As for the valve cover oil leak, either someone forgot to add the two dabs of sealant needed at the front of the engine (pully end) or you may have a bad PCV valve in the intake manifold which in turn pressurizes the engine.

*2011-2016 Cruze 1.4 PCV Valve Cover/Intake Manifold Issues*


Don't forget to introduce yourself and your Cruze here.


----------



## cruzedriver18 (May 23, 2018)

Blasirl said:


> Welcome Aboard!
> 
> Boy that baby is dirty. You should hose her down a bit. Then use some brake cleaner and degrease as much as possible. This will allow you to better look for and pinpoint the leaks.
> 
> ...



hey you seem very well informed and my apologies for butting in but I think coolant my be leaking from a hose and was looking to identify it so that I could replace it. The 3rd image that OP posted has a hose with what seems to be a metal/aluminum wrap. I think that hose might be leaking on my Cruze. Do you know what that hose is called or the part number? Thanks !


----------



## Blasirl (Mar 31, 2015)

cruzedriver18 said:


> hey you seem very well informed and my apologies for butting in but I think coolant my be leaking from a hose and was looking to identify it so that I could replace it. The 3rd image that OP posted has a hose with what seems to be a metal/aluminum wrap. I think that hose might be leaking on my Cruze. Do you know what that hose is called or the part number? Thanks !


Welcome Aboard!

Don't forget to introduce yourself and your Cruze here.

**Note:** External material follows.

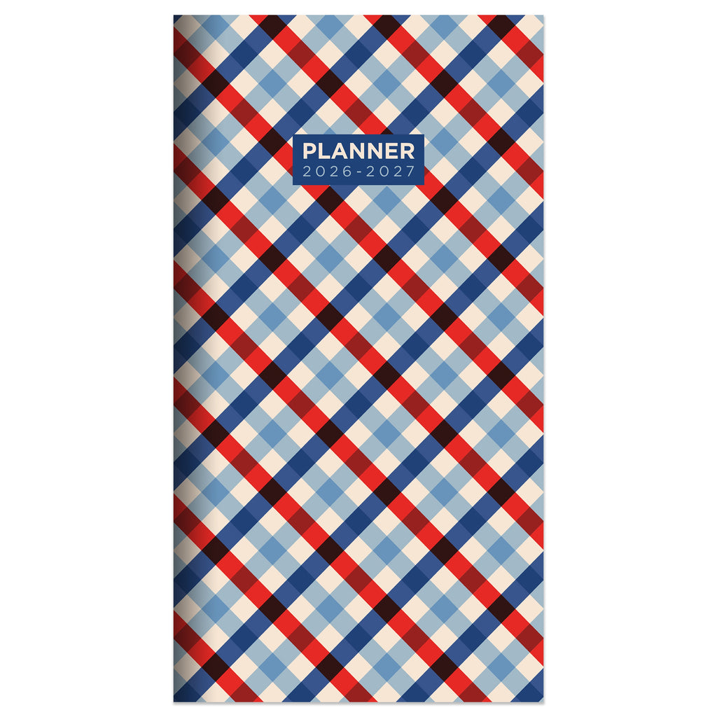 You'll be mad for plaid with this 2-year small monthly planner with a fun patriotic plaid cover spanning the months of January 2026 through December 2027. Including monthly views with unlined grid space for daily planning, plus bonus space for notes, the 3.5" (w) x 6.5" (h) checkbook size makes this perfect for a purse, briefcase or backpack and comes with a durable cover and additional lined notes pages in the back. The monthly boxes measure .85" (w) x 1.25" (h). Printed on FSC-certified paper.

*Turbocharger Coolant Line Adapter*
Part Number: *25199813*
Supersession(s):* 25195896; 25198927; 55572127*


















*Turbocharger Coolant Line*
Part Number: *55567067*


----------



## carbon02 (Feb 25, 2011)

CruzeMN21 said:


> Hi all -
> 
> I've read through several of the posts on the forum in regards to various coolant leaks and it appears my Cruze may be leaking from multiple areas in which I've tried to demonstrated by adding photos:
> 
> ...


Assitance from another Minnesota long term cruzer. You have several areas to consider. 


Water pump-- Yes that's where mine leaked, It's a known issue.. 10 years 120,000 miles, probably covered.
Coolant under the throttle body on the top of the transmission- Water outlet. Go with a GM/AcDelco part for the $23 with a good gasket. This could be plastic cracked, do the entire thing rather than just the $8 gasket. This gets a lot of heat. My housing was cracked, and the gasket was completely flat. Go with high quality parts.
Oil from the throttle body. Remove the plastic air tube from throttle body, and wipe out oil. This is PCV gas condensing oil in the intercooler. Possibly due to high pressures due to intake valve check valve failure. A little assumption here, but reasonable.
Valve cover will only be replaced for the warranty that's part of the vaccuum problem. If your not setting engine codes, I'm not sure a shop will warranty for a gasket issue.
Potentially oil leak at the oil feed line of the turbo. This is the oil that is going down the front of the engine.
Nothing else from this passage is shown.